To do:
Return the lines of the data below in which the string "that" occurs.
====== Records for processing ======
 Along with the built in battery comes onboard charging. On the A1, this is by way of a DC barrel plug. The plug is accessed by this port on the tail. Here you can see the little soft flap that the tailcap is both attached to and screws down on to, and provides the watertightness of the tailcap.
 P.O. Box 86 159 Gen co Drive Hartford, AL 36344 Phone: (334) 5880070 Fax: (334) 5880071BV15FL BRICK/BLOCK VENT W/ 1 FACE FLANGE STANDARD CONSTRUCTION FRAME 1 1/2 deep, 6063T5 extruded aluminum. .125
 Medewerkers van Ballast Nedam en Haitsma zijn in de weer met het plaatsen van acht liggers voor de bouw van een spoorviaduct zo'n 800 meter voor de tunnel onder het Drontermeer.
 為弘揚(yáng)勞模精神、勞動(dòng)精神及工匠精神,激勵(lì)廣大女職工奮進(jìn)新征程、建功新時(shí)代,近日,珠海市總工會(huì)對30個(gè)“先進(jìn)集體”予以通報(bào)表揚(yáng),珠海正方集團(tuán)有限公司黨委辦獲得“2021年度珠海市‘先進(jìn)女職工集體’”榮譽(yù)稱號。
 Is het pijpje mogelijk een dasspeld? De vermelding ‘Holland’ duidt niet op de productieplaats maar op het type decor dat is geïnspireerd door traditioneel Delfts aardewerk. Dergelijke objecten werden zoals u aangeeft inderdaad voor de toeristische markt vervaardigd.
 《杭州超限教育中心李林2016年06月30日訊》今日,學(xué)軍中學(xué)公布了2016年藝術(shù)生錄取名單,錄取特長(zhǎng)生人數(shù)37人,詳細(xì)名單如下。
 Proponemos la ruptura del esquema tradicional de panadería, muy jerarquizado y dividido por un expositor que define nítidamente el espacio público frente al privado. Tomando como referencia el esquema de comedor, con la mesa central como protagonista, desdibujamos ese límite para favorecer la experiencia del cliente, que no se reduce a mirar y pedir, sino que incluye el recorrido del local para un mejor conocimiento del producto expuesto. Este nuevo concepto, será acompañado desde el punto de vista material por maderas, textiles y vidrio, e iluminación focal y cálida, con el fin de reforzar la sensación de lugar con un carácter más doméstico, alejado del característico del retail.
======
====== Records for processing ======
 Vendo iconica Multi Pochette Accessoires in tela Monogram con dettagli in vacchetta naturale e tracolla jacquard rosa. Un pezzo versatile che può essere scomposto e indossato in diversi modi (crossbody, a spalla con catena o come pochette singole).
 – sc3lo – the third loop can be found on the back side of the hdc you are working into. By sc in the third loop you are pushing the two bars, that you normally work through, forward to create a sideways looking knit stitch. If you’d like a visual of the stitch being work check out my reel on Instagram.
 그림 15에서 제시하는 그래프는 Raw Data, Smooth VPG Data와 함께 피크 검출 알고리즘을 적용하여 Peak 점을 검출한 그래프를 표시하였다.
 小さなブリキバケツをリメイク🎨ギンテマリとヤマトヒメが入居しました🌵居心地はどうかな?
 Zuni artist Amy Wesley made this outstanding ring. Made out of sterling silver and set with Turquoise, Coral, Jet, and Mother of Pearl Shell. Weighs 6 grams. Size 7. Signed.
======
Exercise output:
 Along with the built in battery comes onboard charging. On the A1, this is by way of a DC barrel plug. The plug is accessed by this port on the tail. Here you can see the little soft flap that the tailcap is both attached to and screws down on to, and provides the watertightness of the tailcap.
 – sc3lo – the third loop can be found on the back side of the hdc you are working into. By sc in the third loop you are pushing the two bars, that you normally work through, forward to create a sideways looking knit stitch. If you’d like a visual of the stitch being work check out my reel on Instagram.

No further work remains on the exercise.